Screenwriter Jason Smilovic does a good job keeping the audience guessing, but Lucky Number Slevin still requires a great deal of suspension of disbelief. Without giving too much away, things ends a little too conveniently pat. There are plot threads in this film that are wrapped up a little too neatly, and the fashion in which a certain character so precisely calculates everything to perfection, left me scratching my head. I had a similar reaction to David Fincher’s The Game. Furthermore, Smilovic appears hellbent on spelling everything out for the audience. Sometimes a little ambiguity is good. Still, I like the overall tone of the movie, and I got a big kick out of the little winks at the numerous films that clearly inspired this movie (watch for references to James Bond and North By Northwest).

The usually blasé Hartnett is slightly more animated here than he's been in the past, but it is the stellar supporting cast that really give Lucky Number Slevin it’s kick. Freeman and Kingsley are wickedly entertaining as two aging crime bosses who think they know everything. Kingsley in particular has a blast as a Jewish mobster out to protect his gay son. Lucy Liu is a ball of unlimited energy as love interest Lindsey. Mykelti Williamson (Forrest Gump) is a hoot as a dim-witted henchman. Stanley Tucci is at his manic best as the confident cop whose in constant pursuit of Slevin. Finally, we have Bruce Willis who, despite a role that requires very little emotion, manages to bring a strange sort of sweetness to his deadpan assassin Mr. Goodkat.
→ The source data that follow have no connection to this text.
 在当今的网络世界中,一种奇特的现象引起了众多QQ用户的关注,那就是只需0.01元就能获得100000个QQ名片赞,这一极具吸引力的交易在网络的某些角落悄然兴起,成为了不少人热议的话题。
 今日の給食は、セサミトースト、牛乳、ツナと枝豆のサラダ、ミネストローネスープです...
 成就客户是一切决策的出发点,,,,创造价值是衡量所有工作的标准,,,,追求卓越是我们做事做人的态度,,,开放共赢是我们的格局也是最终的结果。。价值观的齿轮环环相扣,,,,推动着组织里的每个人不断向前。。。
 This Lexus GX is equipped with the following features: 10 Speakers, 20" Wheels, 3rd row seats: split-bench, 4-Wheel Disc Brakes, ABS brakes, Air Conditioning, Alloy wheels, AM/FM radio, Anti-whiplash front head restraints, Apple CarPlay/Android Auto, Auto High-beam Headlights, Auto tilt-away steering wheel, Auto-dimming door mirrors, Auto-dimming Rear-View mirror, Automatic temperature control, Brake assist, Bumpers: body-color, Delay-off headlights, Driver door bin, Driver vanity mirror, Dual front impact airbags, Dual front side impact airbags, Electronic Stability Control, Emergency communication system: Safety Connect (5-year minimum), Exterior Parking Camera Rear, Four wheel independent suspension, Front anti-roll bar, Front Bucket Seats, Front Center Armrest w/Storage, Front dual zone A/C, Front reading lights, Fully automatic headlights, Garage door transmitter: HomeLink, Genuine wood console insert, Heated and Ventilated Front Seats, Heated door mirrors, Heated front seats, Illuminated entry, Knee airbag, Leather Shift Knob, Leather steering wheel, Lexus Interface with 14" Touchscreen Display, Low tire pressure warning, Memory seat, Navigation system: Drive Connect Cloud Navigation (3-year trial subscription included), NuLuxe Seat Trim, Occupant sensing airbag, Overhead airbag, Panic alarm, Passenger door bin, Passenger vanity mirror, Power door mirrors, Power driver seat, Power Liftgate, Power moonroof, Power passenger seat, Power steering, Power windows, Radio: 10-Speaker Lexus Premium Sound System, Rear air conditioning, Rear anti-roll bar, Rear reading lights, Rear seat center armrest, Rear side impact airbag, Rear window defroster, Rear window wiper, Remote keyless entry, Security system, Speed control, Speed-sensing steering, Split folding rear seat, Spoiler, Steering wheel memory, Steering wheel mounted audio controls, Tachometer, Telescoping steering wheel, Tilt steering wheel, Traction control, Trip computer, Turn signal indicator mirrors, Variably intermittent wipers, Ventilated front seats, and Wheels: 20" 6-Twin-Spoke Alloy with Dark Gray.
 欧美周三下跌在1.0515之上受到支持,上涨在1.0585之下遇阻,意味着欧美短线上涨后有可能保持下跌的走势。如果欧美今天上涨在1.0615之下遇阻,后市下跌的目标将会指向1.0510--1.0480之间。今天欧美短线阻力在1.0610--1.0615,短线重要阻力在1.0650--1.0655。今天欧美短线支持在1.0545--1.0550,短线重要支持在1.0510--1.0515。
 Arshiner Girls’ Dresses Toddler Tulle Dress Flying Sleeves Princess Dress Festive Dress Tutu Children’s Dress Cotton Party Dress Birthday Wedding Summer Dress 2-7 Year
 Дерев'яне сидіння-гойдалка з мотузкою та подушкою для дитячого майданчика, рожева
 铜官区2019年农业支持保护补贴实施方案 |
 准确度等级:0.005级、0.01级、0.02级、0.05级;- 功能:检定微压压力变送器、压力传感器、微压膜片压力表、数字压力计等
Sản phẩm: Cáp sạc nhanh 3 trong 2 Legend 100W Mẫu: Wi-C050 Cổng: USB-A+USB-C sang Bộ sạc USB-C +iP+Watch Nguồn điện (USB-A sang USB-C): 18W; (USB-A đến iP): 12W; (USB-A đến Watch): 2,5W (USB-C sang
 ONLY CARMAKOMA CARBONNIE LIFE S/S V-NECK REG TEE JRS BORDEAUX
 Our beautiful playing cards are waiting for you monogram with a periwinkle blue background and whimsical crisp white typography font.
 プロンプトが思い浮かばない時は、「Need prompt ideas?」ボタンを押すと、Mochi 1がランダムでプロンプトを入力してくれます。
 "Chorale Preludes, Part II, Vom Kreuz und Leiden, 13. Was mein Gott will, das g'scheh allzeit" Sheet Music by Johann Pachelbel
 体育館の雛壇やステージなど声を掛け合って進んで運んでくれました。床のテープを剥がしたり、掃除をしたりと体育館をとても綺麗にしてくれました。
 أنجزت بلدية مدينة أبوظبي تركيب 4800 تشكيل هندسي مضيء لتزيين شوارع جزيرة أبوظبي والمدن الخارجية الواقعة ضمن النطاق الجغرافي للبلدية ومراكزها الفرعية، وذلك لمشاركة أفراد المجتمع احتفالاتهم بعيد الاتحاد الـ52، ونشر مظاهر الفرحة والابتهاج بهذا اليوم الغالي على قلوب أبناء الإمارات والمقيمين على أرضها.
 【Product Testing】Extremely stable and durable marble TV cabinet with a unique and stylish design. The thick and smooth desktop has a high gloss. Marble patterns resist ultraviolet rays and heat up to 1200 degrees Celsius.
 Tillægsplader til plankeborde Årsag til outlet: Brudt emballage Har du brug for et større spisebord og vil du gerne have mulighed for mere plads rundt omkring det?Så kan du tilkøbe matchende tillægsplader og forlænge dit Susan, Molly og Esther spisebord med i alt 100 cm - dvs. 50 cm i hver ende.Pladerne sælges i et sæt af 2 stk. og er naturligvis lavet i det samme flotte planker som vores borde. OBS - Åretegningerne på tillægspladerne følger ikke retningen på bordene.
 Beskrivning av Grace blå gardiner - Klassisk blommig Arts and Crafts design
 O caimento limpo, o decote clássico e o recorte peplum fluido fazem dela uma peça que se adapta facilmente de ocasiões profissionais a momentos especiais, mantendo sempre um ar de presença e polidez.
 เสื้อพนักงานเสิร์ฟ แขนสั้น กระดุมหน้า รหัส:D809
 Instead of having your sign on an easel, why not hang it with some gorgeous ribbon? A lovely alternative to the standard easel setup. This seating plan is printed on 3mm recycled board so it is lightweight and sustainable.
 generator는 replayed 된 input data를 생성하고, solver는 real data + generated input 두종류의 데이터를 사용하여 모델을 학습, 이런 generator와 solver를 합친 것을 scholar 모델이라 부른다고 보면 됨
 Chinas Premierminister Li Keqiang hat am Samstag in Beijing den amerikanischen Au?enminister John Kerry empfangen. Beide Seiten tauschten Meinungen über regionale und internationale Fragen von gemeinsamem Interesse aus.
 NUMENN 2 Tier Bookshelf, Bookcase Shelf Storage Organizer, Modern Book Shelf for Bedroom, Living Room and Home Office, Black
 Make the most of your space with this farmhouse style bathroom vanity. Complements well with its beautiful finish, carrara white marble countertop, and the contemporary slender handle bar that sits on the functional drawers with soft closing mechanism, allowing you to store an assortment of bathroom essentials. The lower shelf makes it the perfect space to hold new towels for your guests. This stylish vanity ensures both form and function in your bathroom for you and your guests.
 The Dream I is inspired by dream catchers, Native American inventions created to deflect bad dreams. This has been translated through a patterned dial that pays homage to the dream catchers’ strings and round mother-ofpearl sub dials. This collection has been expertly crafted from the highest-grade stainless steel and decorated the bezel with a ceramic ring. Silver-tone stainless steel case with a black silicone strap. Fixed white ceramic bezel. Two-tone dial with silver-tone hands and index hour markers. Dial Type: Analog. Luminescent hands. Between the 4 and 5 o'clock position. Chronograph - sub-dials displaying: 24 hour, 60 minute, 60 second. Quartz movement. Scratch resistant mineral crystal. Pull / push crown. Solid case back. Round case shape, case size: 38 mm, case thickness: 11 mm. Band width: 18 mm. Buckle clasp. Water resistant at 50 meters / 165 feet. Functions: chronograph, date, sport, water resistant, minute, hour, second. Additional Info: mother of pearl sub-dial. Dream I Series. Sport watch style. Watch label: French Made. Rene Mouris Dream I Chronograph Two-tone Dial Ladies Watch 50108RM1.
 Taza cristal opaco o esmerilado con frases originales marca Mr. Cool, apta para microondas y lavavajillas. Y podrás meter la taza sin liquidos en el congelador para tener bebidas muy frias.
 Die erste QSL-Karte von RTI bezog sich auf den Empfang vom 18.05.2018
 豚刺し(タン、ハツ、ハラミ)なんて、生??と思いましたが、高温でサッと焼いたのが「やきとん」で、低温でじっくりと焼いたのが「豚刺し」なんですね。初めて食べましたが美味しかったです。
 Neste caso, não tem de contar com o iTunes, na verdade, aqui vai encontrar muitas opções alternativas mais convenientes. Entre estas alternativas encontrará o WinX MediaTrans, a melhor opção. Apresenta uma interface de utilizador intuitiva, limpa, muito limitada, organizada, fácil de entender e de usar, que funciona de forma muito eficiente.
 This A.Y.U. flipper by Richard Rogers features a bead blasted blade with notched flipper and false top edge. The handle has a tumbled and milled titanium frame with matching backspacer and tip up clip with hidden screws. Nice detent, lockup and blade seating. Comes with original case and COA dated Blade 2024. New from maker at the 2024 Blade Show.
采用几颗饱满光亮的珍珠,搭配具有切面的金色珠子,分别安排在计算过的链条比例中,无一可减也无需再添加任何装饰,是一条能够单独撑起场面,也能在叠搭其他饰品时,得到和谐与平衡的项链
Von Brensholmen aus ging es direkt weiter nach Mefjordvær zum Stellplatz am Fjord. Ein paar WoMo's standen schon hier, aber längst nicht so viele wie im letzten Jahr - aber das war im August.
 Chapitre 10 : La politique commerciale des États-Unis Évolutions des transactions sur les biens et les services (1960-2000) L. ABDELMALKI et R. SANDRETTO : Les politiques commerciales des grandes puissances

Lucky Number Slevin suffers from an overly long running time and it doesn’t have the balls to follow through on a potentially gutsy move in the final act, but ultimately, I was entertained. At the very least, it’s a major step up for McGuigan whose Wicker Park was a fairly dull tale about obsession. With this effort, the director really allows his expert cast to shine, and the end result is a labored but very entertaining movie that constantly challenges the audience to figure out what might happen next. The Usual Suspects it ain’t, but it’s fun nevertheless.